1: I’m not writing a normal review of the Avengers 2: The Reavengening because I don’t have the time or inclination to.
2: Overall, it was just boring. That was its main flaw. Keep in mind though that, to me, nothing in the world is as boring as computer cartoon action sequences. I’ve really tried to let my guard down. For years I’ve tried. But these scenes are like Tom And Jerry but made with a computer and you’re supposed to take it seriously. The acceptance of this type of CGI is a mass delusion rooted in the knowledge that these cartoons cost a lot of money and the belief that anything expensive is good. I’m convinced that, on this point, it really is everybody else who is crazy. If I’m wrong, please correct me. The difference between Peter Griffin fighting that chicken and an action scene in The Avengers is 1) The Avengers cartoons are made with better technology. 2) You’re supposed to take them seriously. And 3) ???????????
3a) If you don’t know, Josh Wheatman was chased off Twitter by authoritarian, identity politics people. Or “social justice warriors”. Or people who try to politicize their untreated personality disorders, or however you prefer to think of them. But you know who I mean. Or maybe you don’t because you spend your free time with friends or reading great books rather than murdering your brain by paying attention to crazy people on the internet.
The main offensive was supposed to be that The Black Window, which is Scarlett Johansson’s character, declares herself a monster because she is infertile, thereby suggesting that any woman who cannot have children is a monster. If you said, “that doesn’t even really make sense,” then you are correct, but that doesn’t matter.
This narrative about the movie about flying people who fight robots was put forward in think pieces somewhere and the true believers pounced on Joss, an active Twitter user. They made (obviously empty) threats of violence and told Josh to fuck off and die and called him a racist and misogynist and so forth. Read them here, if you want.

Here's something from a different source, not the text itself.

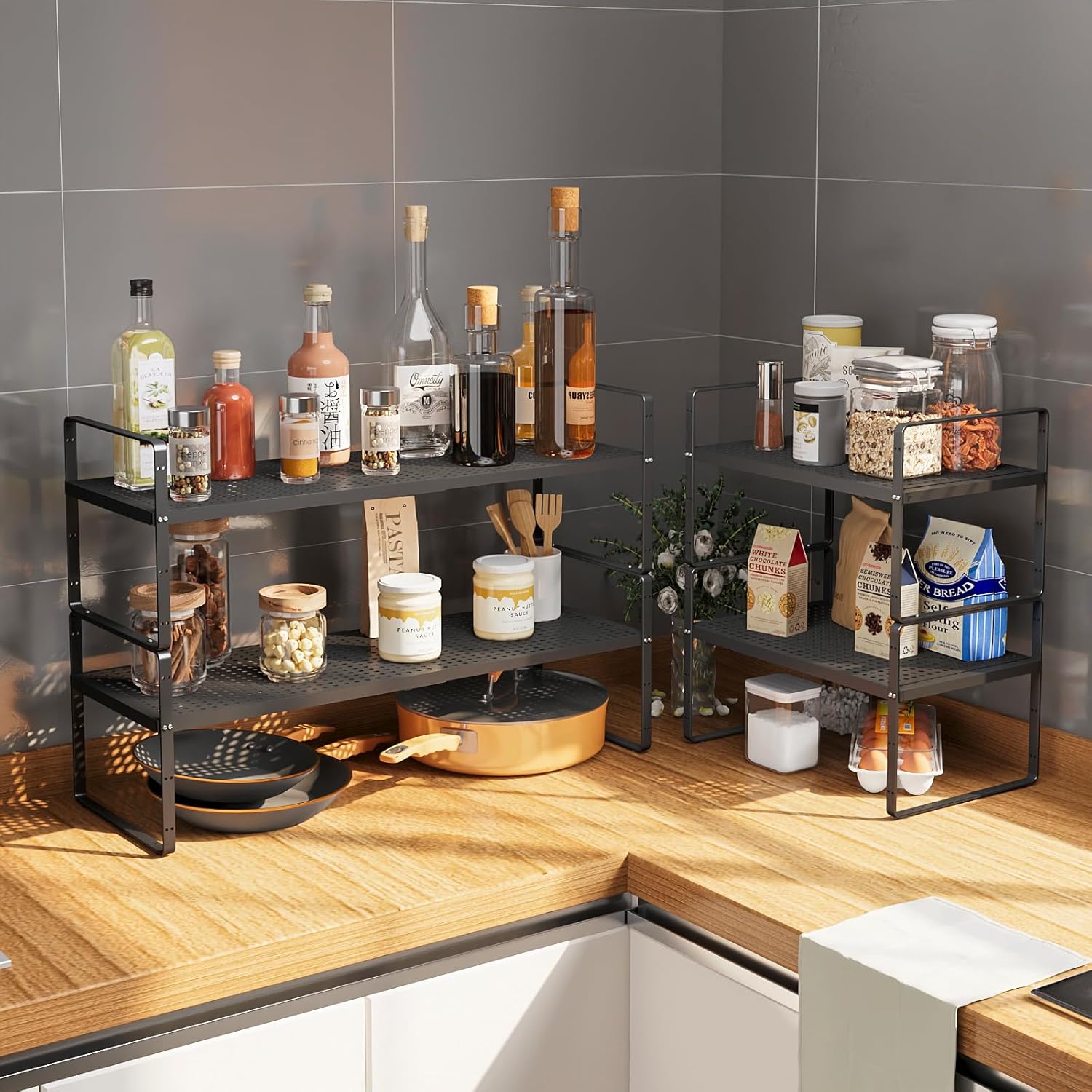 - Expandable and Stackable Shelves:Cabinet organizers choose 4 heights according to the space requirements, kitchen cabinet organizer length from 16.5"-27" free and thorough change, enjoy the fun of storage. Spice rack stacking design, greater increase your storage space.

Here is what actually happens in the scene. The Window is trying to connect with Bruce Banner who is filled with remorse and self loathing because he butchered a bunch of innocent people as The Hulk. She wants them to have a romantic relationship. He says he can’t because he is such a monster and also cannot have children (because his wiener is too big when he is excited?). She says she cannot have children either. Then explains why she considers herself a monster.
The reason she can’t have kids, she says, is that, when she was being trained to be an assassin (she is an assassin) the KGB or whoever made her infertile. This was one of the many ways in which they attempted to destroy her humanity. The goal was to make her a remorseless killing machine, with no ties to anybody. Having a baby would undermine that, so they made sure it could never happen. Then she says, “you’re not the only monster on this team.” Meaning, of course, she is a monster because she was built into a remorseless killing machine. Not that anyone with a broken uterus is a monster.
So the question becomes, are these critiquers misconstruing the scene intentionally, because they are, hateful, anti-art and anti-intellectual and want all expression to be propaganda advocating their view, or are the really, genuinely that stupid? My wife and I discussed it and there are points on both sides.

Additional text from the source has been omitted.